Here are some insights on how to gain trust as told by an FBI agent.
1. Make the other person feel at ease
Different non verbal approach like standing toe to toe with someone or an inappropriate handshake can intimidate someone or appear threatening. The first way to make the other person comfortable with confiding in you is to offer a simple smile. Make the other person feel at ease by also offering a firm and a confident handshake.
2. Ask for help
The act of making a request makes the other person realize you are also as fallible as he/she. We all naturally feel connected to those who ask us for help. In Robin Dreeke’s book it is quoted,
“Have you ever felt a pang of guilt for turning down someone seeking help? I have personally found that there is no greater theme and tool for eliciting individuals for action, information, and a great conversation than the use of sympathy or assistance.”
3. Allow them to talk
Taking over the show by speaking frequently doesn’t show strength, but rather shows you have low self esteem or do not know what you are talking about. Allow the other person to speak and air his/her opinions. Even when you do have to speak, speak slowly.
4. Offer a gift
In humans there exists the need for reciprocation. When you offer people something they naturally feel like returning your kindness. To build great relationships and secure trust always be willing to offer something.
5. Suspend your ego
According to Robin Dreeke, when trying to secure trust and build a relationship, it is always best to suspend your ego and put the other person’s needs ahead of your own.

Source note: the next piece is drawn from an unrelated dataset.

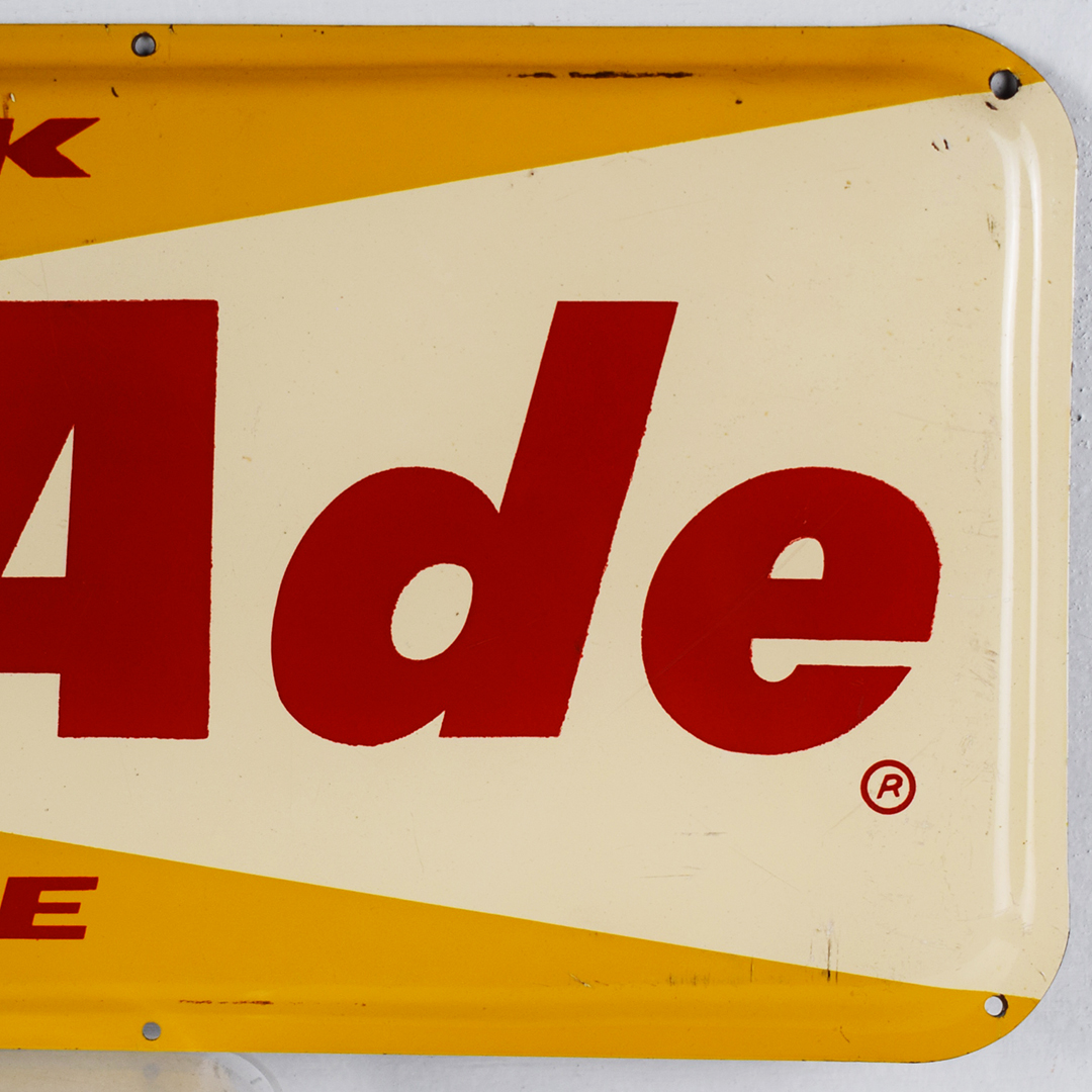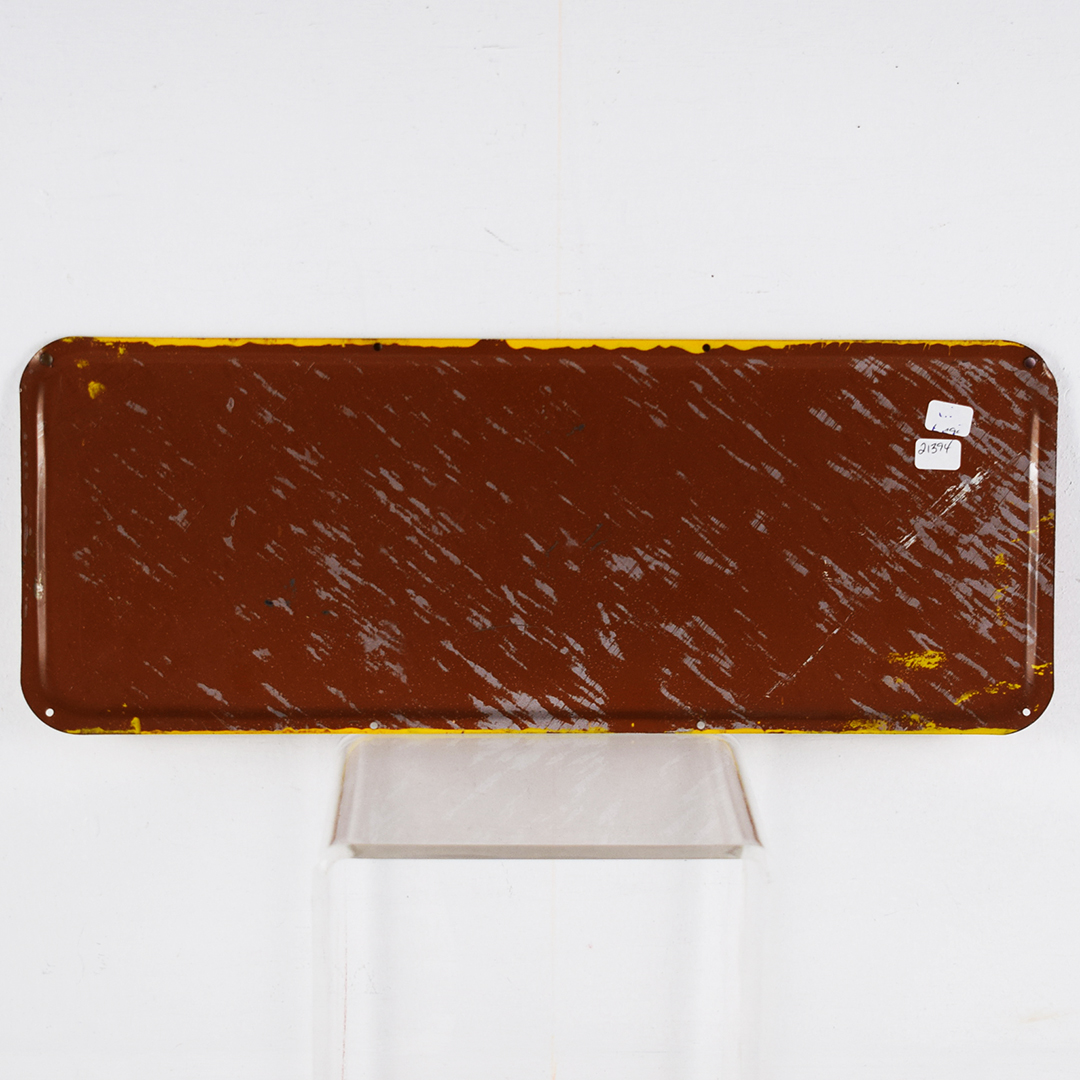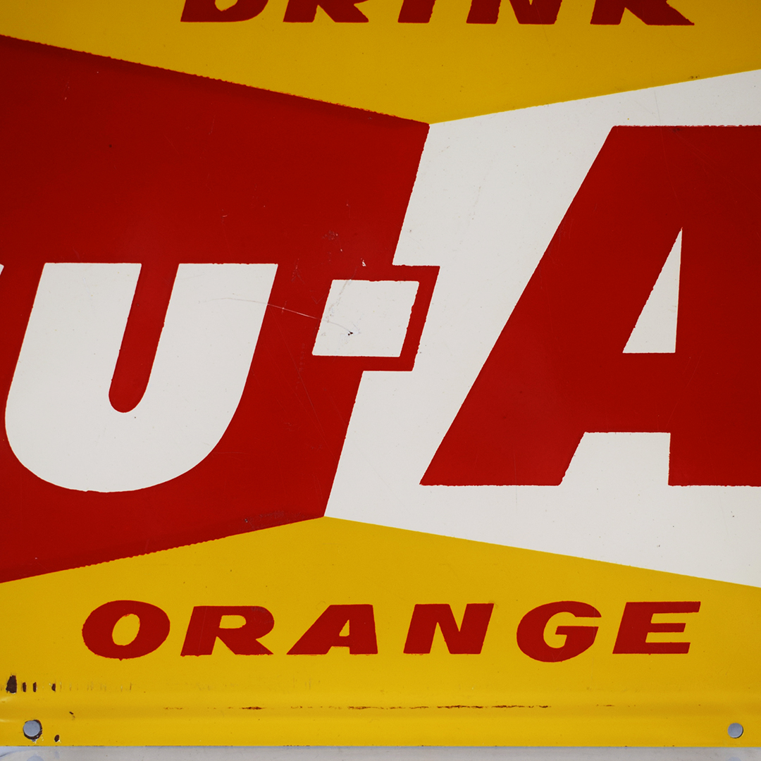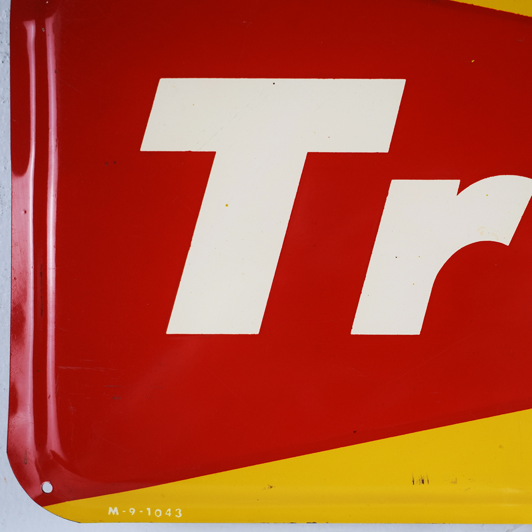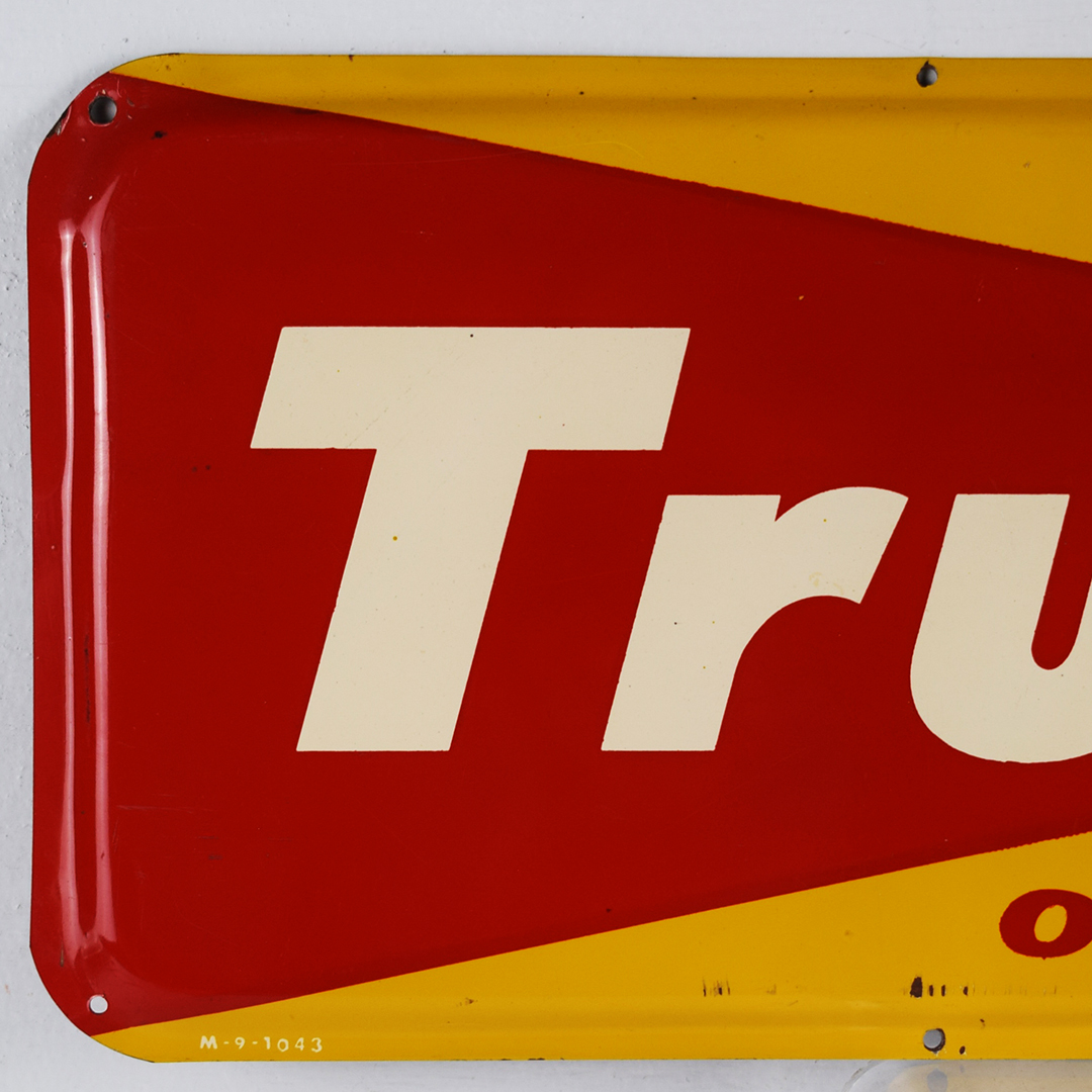 Check out this great, smaller Tru-Ade sign that you don’t see too often! Measuring 6.5 inches tall by 17 inches in length, the outer edges of this steel sign are curved inward, the total opposite of many self-framed signs of the era. Sharp colors and nice gloss throughout, with “Drink Tru-Ade Orange” on the face of the sign. A few very minor scratches in the field, with some chips along the bottom edge and along the top. It is marked “M – 9 – 1043” along the left bottom edge. 21394-EEP

“Suspending your ego is nothing more complex than putting other individuals’ wants, needs, and perceptions of reality ahead of your own.” – Robin Dreeke
6. Allow the other person to feel validated
By validating the other, you keep the conversation and relationship flowing. It means you are listening and attentive to what he/she is talking about. Thus we are mindful and we do not forget the details of what the other person has told us.
“True validation coupled with ego suspension means that you have no story to offer, that you are there simply to hear theirs.” – Robin Dreeke
7. Ask open ended questions
By asking the how, when and why you show you are interested in the other person’s thoughts and opinions. You also boost their ego and offer a platform for them to trust you in return.
“Open ended questions are ones that don’t require a simple yes or no answer. They are generally questions that require more words and thought. Once the individual being targeted in the conversation supplies more words and thought, a great conversationalist will utilize the content given and continue to ask open ended questions about the same content.”
8. Manage your expectations
Don’t expect the perfect response. Manage your expectations appropriately because otherwise your emotions will only give way to disappointment, resentment and anger.
“When we are able to shift or manage our expectations, we reduce potential disappointment. When we are disappointed, we sometimes get angry and may even hold grudges and get hurt feelings.”